Now imagine throwing autonomously generated AI videos, and cultural memes downstream of the videos, into the mix. Imagine that the companies driving the ship don’t even pretend to care about social outcomes resulting from their technology. Imagine that these companies are simultaneously propping up the global economy and showing no path to profitability other than nebulous ideas about supplanting TikTok with this new format. What pseudo-memes might emerge out of thin air, conjured into existence by a machine’s calculation of what new combination of ideas and behaviors might engage people? If millions are generated every day, how many might be socially harmful? How many of those might capture significant populations in the types of parallel realities that we already see today?
Imagine the system detects a user’s latent anxiety about their tap water (based on search history) and their distrust of officials (based on video watch time). It doesn’t find a QAnon video. Instead, it generates a 30-second, hyper-realistic clip of a local-looking “newscaster” (who doesn’t exist) reporting on a “leaked document” (that isn’t real) about a “cover-up” at the municipal water plant (that isn’t happening). This video is generated just for them and a few thousand others like them. How does a society function when its conspiracy theories are no longer theories, but high-definition, manufactured realities delivered on demand?

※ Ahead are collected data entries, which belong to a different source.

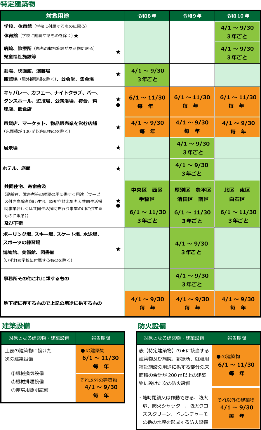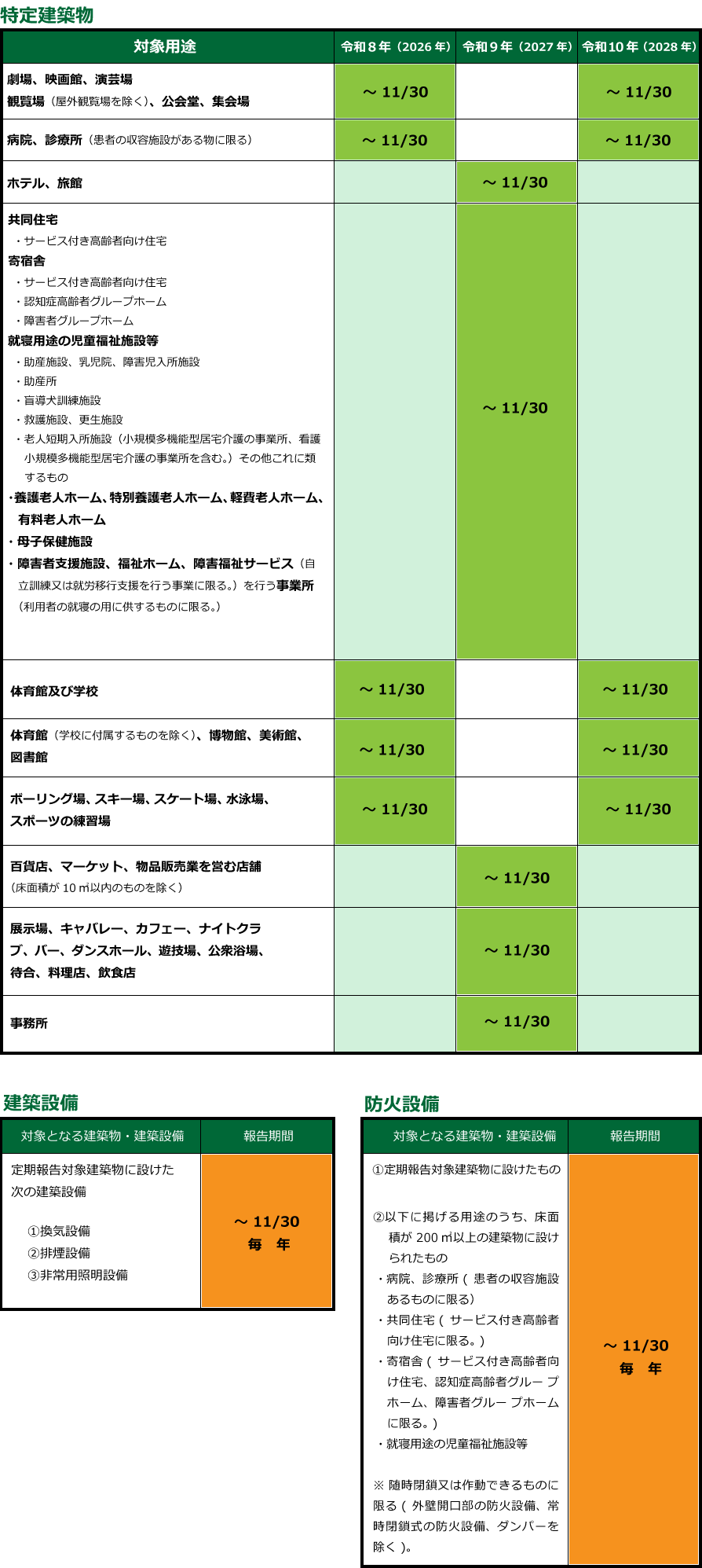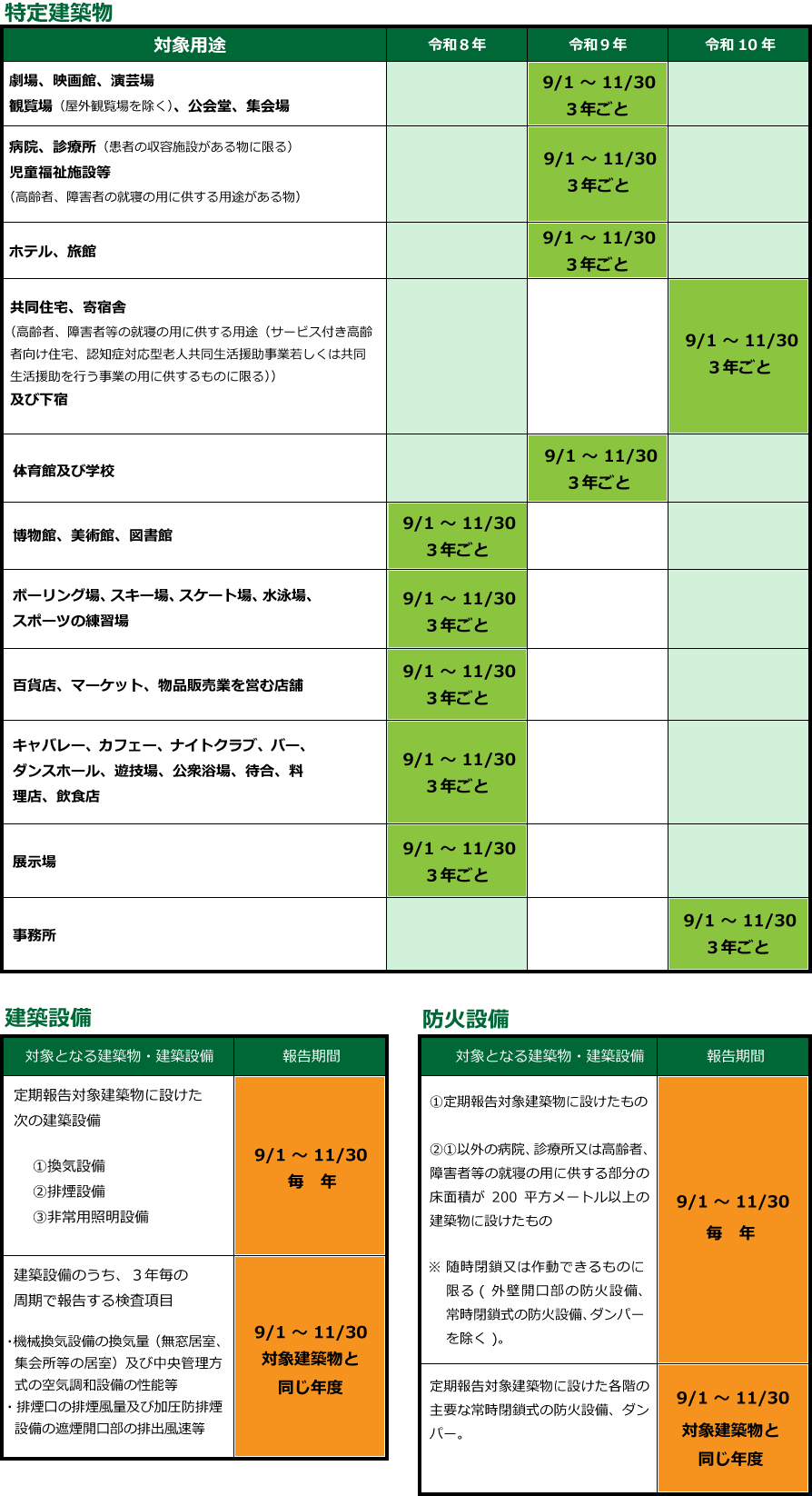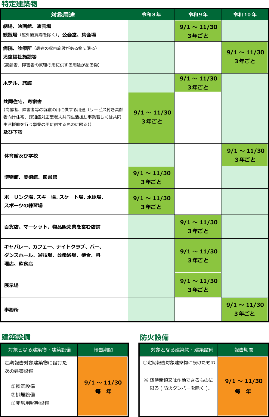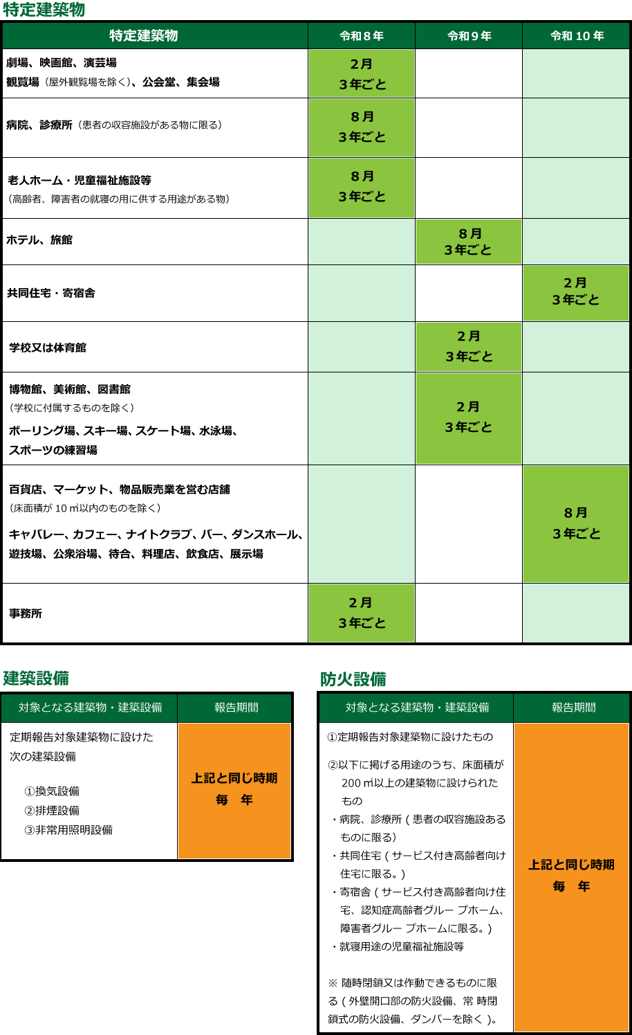 ・指定にあたっては、地域の実情(特に物件数の多い用途・規模のものなど)に応じて、定期的な報告を求めておく必要性が高いものが対象となっています。
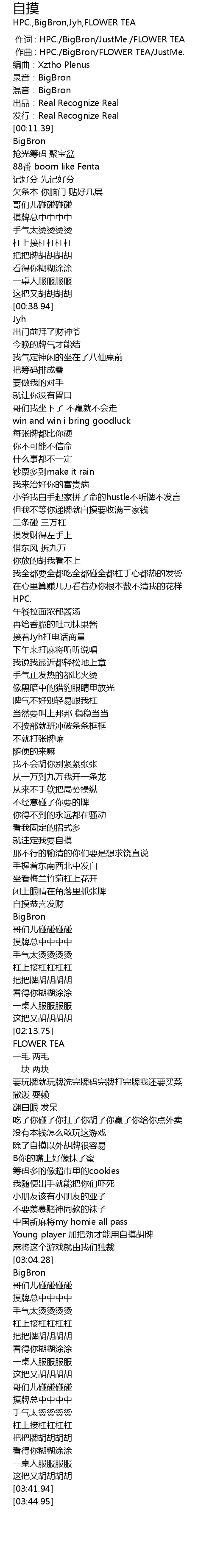 | [00:00.00] | 作词 : HPC./BigBron/JustMe./FLOWER TEA |
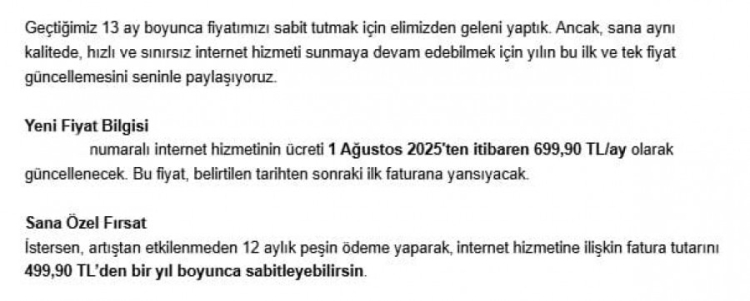 İnternet hizmetinin ücreti 1 Ağustos 2025'ten itibaren 699,90 TL/ay olarak güncellenecek. Bu fiyat, belirtilen tarihten sonraki ilk faturana yansıyacak."
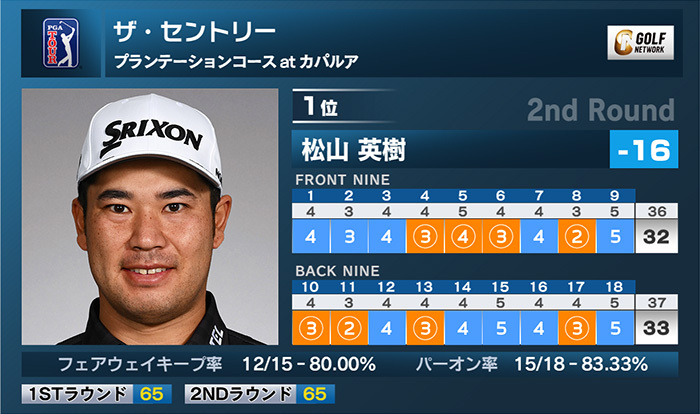 米男子ツアーの今季初戦、ザ・セントリー(米ハワイ州/プランテーションコース at カパルア)は3日に第2ラウンドが終了。松山英樹は2位タイから8バーディ、ノーボギーの「65」をマークし、通算16アンダー単独首位で週末を迎える。
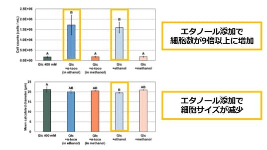 高濃度グルコースによる増殖低下の原因を調べるために、グルコース添加に加えて、エタノールまたはメタノールに溶解したビタミンE、エタノール、メタノールをそれぞれ培地に添加して培養を行いました。その結果、エタノールに溶解したビタミンEまたはエタノールを添加した際に、高濃度グルコースのみを添加した条件よりも細胞数が9倍以上増加しました(図2)。また、エタノールを添加した条件では、細胞の平均直径も減少し、紡錘形の細胞を示すようになりました(図2)。
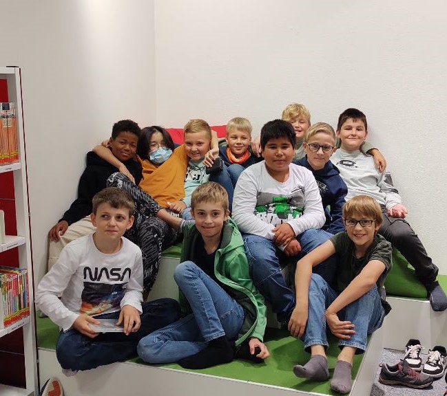 Am Mittwoch, den 4.10.2023 sind wir mit unserer Klasse in die Stadtbücherei Mengen gelaufen. Als wir angekommen sind, hat uns Frau Hapke ein paar Bücher vorgestellt. Danach hat man uns mit einem Quiz überrascht. Wir haben dann iPads bekommen und
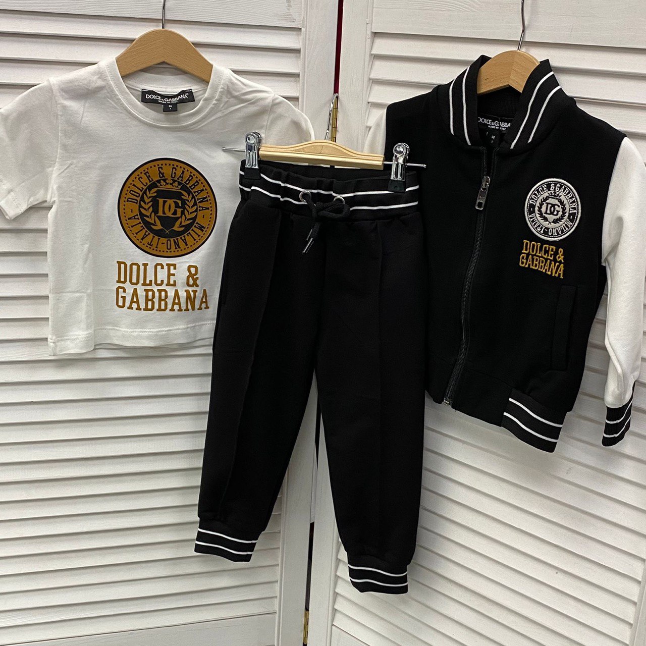 Костюм 3-ка Dolce & Gabbana LUX-84239 - это стильный комплект для детей, сочетающий в себе элементы спортивного и повседневного стиля. Комплект выполнен в классической черно-белой гамме с яркими деталями. Этот костюм подойдет для различных активностей, от прогулок до особых случаев, придавая образу элегантность и комфорт.
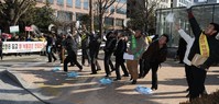 5일낮 국회의사당 앞에서 창녕군민 500여명이 피켓을 들고 고함치며 시위하던 현장 한쪽 횡단보도앞에 일부 시민들이 모여들어 비취색 포대…
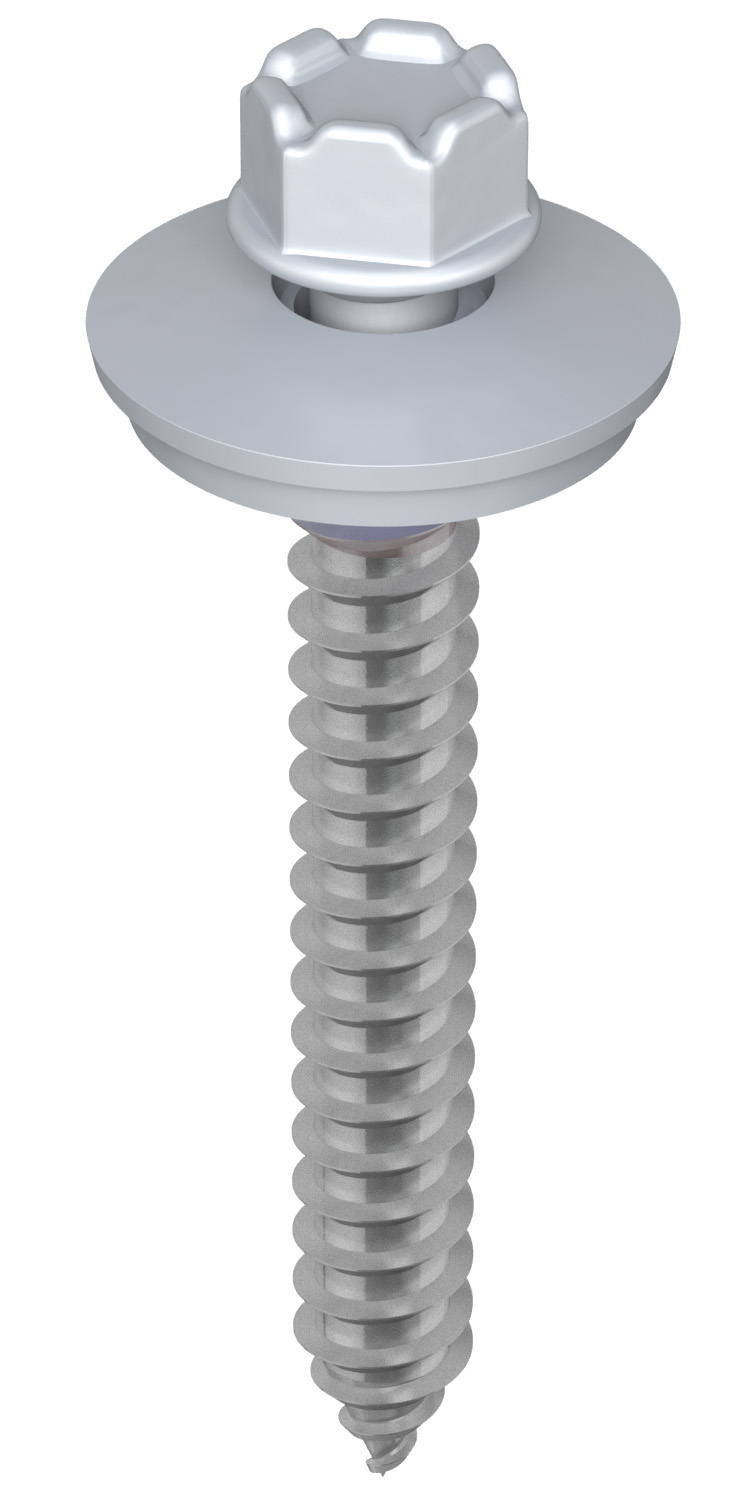 Tämä 50 mm pitkä vaihtoruuvi on tarkoitettu pellin kiinnittämiseen korkeintaan 25 mm korkean profiilin päältä.

Arguments for government-enforced stoppages on AI development have not struck me as particularly sensical or realistic thus far. After all, AI development is generating massive economic advantages for the US currently, and this is likely to continue at least into the near future. But what economic or societal benefit will these AI video apps bestow on this country or the world? I cannot see any. Dire risks, however, are aplenty. Curtailing this technology isn’t just the responsible thing to do. It is an act of fundamental societal self-preservation.